Little People, Big Terrorists? NYPD Connects The Dots.

Not one midget was killed on 9-11 <——click here.

“We just don’t think that midgets should be down here trying to do what normal people do,” said New York City subway patrolman John Brady as he kicked a midget dressed as Michael Jackson in New York Penn Station. 

 “It’s an insult to Michael Jackson and people of average height  and to all the people from five foot two to six feet seven who got killed on 9-11.  We don’t even want the mayor down here cause he’s only five-one, but Michael J. Fox is okay because he has Parkinson’s. ”

This kind of midget hatred is not indigenous to New York City alone.  Last year a midget Micheal Jackson impersonator was beaten and robbed in Gateshead, England in what was deemed to be a random act of violence.

The hatred in New York, however,  is rooted in the little known fact that has haunted tri-state metropolitan midgets since 9-11 -the tragic day that changed all of our lives forever.  It seems that not one midget or dwarf was killed on 9-11, and that has conspiracy theorists wondering and city officials on edge when they see little people putting on a show in the subway. 

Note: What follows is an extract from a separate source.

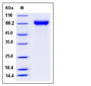 The secreted recombinant influenza A H5N8 HA (A/duck/NY/191255-59/2002 (H5N8)) comprises 522 amino acids and has a predicted molecular mass of 59 kDa. As a result of glycosylation, it migrates as an approximately 70 kDa band in SDS-PAGE under reducing conditions.

“These little bastards get away with all kinds of shit,”  said one loudmouthed New Yorker.  “You’se wanna find Osam Bin Laden then you’se should look in Munchkinland cause midgets are hiding him.  Not one fuckin midget got killed on 9-11 — not one!”

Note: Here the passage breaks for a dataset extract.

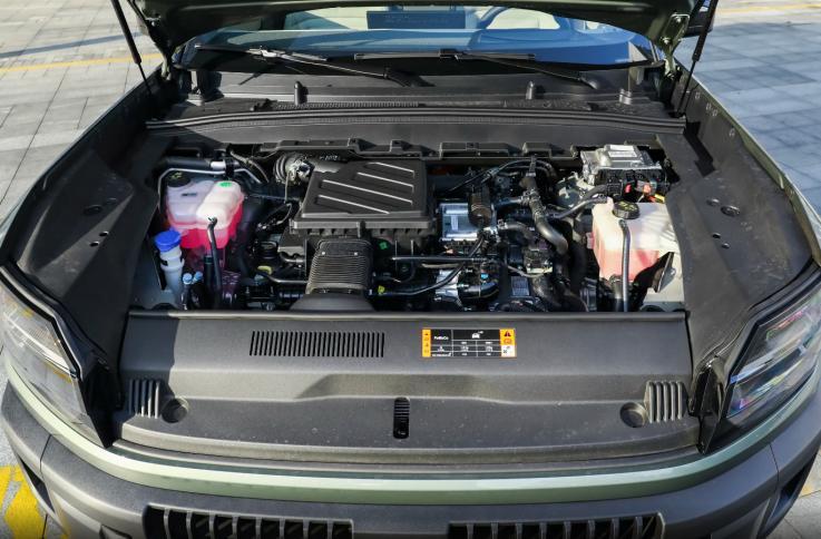 动力方面,福特智趣烈马增程版搭载1.5T增程器,适配双电机驱动系统,综合功率310kW,综合扭矩600N·m,相当于一台3.0T V6发动机的性能表现。此外,新车还配备了43.7kWh磷酸铁锂电池,CLTC工况下纯电续航220km,在满油满电的条件下,综合续航可达1220km。至于纯电版,依旧是双电机配置,综合功率332kW,综合扭矩575N·m,搭配105.4kWh电池组,CLTC纯电续航可达650km。在硬核越野参数方面,新车采用非承载式车身结构设计,接近角30°、离去角32°,最小离地间隙220mm,涉水深度达600mm。

Another New York woman was less mouthy but still fearful.

“I just want to go home peacefully  and watch Moonstruck,” said Connie Vermiglia of Bensonhurst.  “I mean Cher did such a great Brooklyn accent.  It was unique — you don’t even hear that accent that’s how unique it was.  But now when I get home, even if Monnstruck has me distracted, I still wonder if there is a midget hiding under my bed.  It’s very disturbing to me because I’m a widow twenty-seven years now.”

So poor little Midget Michael Jackson will have to move on to another town — a town where his genius is appreciated.

“I used to be afraid that I would be trampled to death after a Bon Jovi concert let out,” said Midget Michael Jackson.  “Now people are accusing me of plotting to blow up the world.  I don’t want to hurt anyone.  All I want to do is moonwalk and grab my nutsack. ” 

He may be telling the truth, but it’s the dangers of what might hiding in the oversized nutsack that one so often finds on midgets and dwarfs.  Even at Disney theme parks the world over, security guards are keeping a sharp look out for terror midgets pretending to be street performers.

“I was walking my beat at Epcot,” said an unidentified undercover agent for Disney. “So  I grabbed this midget performer who was trying to hump Minnie Mouse with his huge ballsack and this little fucker gets all pissed off at me . He starts to resist and he says to me, ‘I’m not happy” so I say to him, ‘then which one are you.’  It’s stuff like that — I mean you get confused because of Snow White.   They even have zombies out there.

The CIA is not issuing any statements but it is a fact that not one midget or dwarf was killed on 9-11 yet in New York, all one sees are midgets.  It’s food for thought, and we at TheDamienZone.com prefer to say “BEAT IT” to these little fuckers who are secretly trying to kill us.